Post Process

Everything to do with E-discovery & ESI

Judge: 5th amendment extends to PGP Passphrase

Posted by rjbiii on December 15, 2007

Question: Is a PGP passphrase like a key to a filing cabinet, or is it more like an extension of the contents of your mind? Deciding the question determines whether or not a defendant can be compelled to reveal the passphrase. A Vermont Judge, U.S. Magistrate Judge Jerome Niedermeier, has made up his mind:

A federal judge in Vermont has ruled that prosecutors can’t force a criminal defendant accused of having illegal images on his hard drive to divulge his PGP (Pretty Good Privacy) passphrase.

U.S. Magistrate Judge Jerome Niedermeier ruled that a man charged with transporting child pornography on his laptop across the Canadian border has a Fifth Amendment right not to turn over the passphrase to prosecutors.
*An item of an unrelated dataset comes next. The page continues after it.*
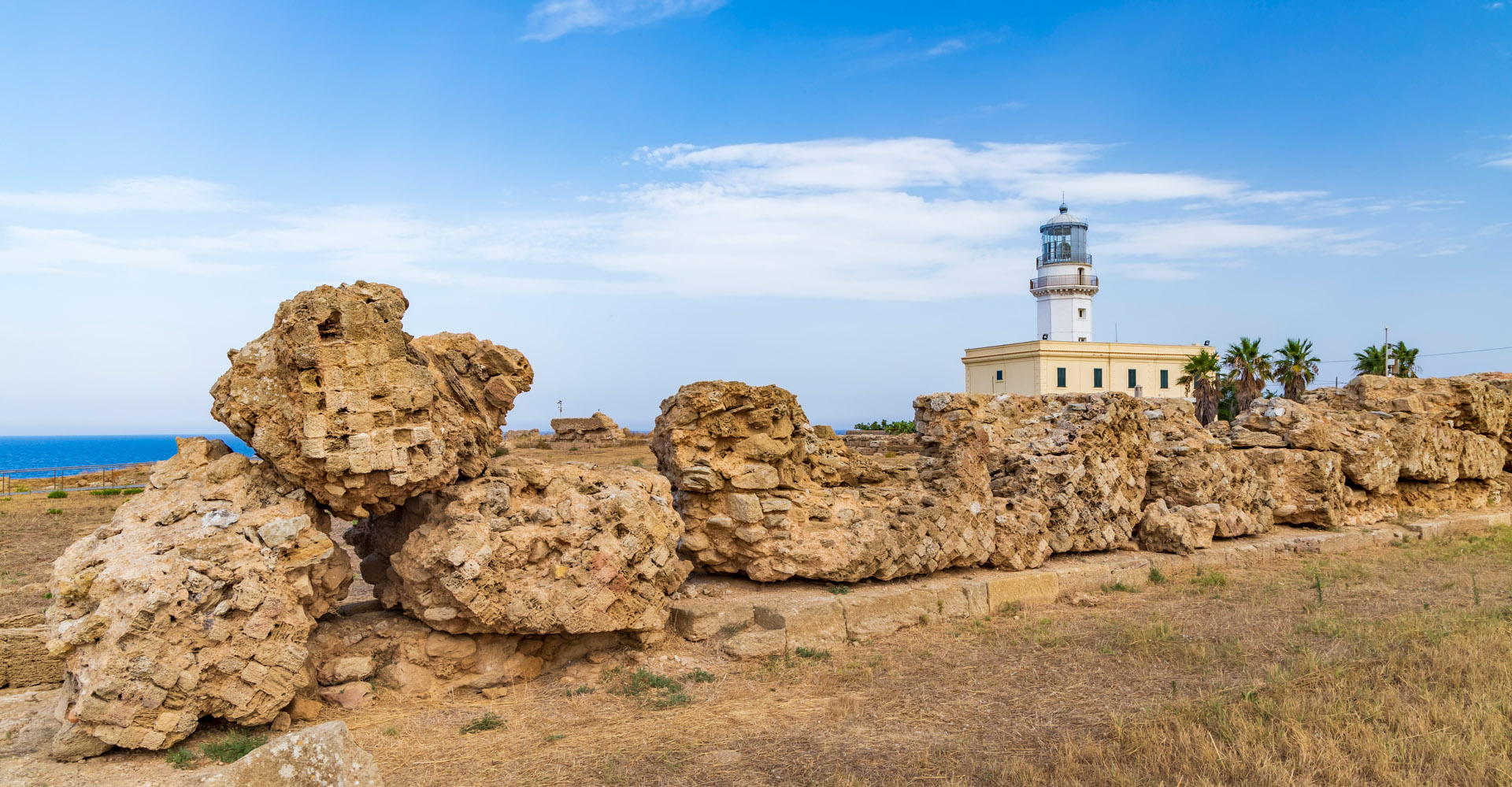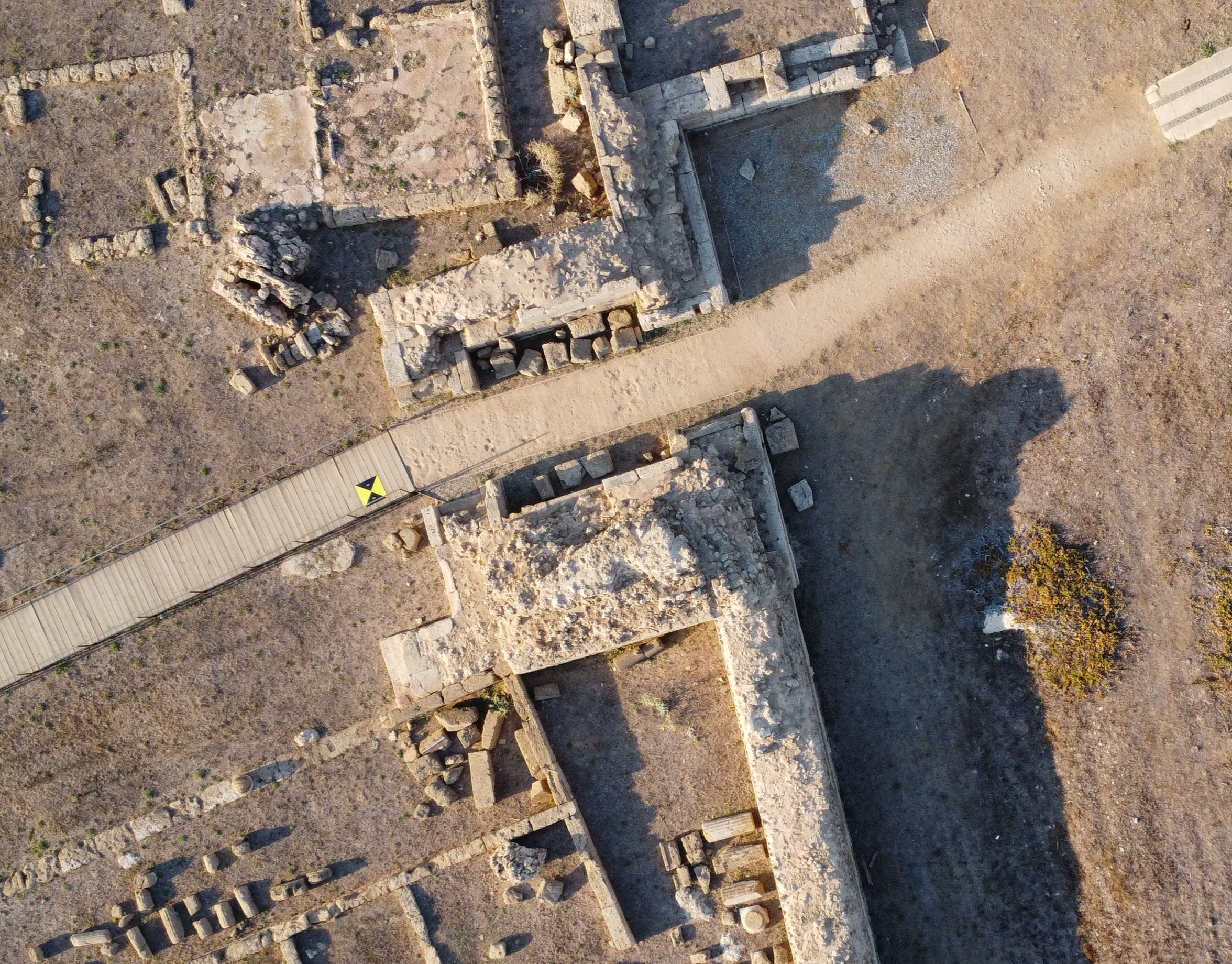 On the western side, three square towers and a monumental entrance gate are preserved. The earliest investigations, conducted by Paolo Orsi in 1910, brought to light the large entrance propylon.

The Fifth Amendment protects the right to avoid self-incrimination.

Niedermeier tossed out a grand jury’s subpoena that directed Sebastien Boucher to provide “any passwords” used with his Alienware laptop. “Compelling Boucher to enter the password forces him to produce evidence that could be used to incriminate him,” the judge wrote in an order dated November 29 that went unnoticed until this week. “Producing the password, as if it were a key to a locked container, forces Boucher to produce the contents of his laptop.”

Under the facts of the case, as reported in the article, it is hard to feel any sympathy for the defendant. Emotions aside, however, the issue has enormous implications for DA’s trying to collect evidence in a world that is ever more “virtual” in nature. More of our actions and deeds are recorded on some form of computer-based media than ever before. While I have personally decried the recent erosion of privacy rights, I have mixed feelings on this particular issue.

The ruling can be found here (pdf).
[HT: Slashdot]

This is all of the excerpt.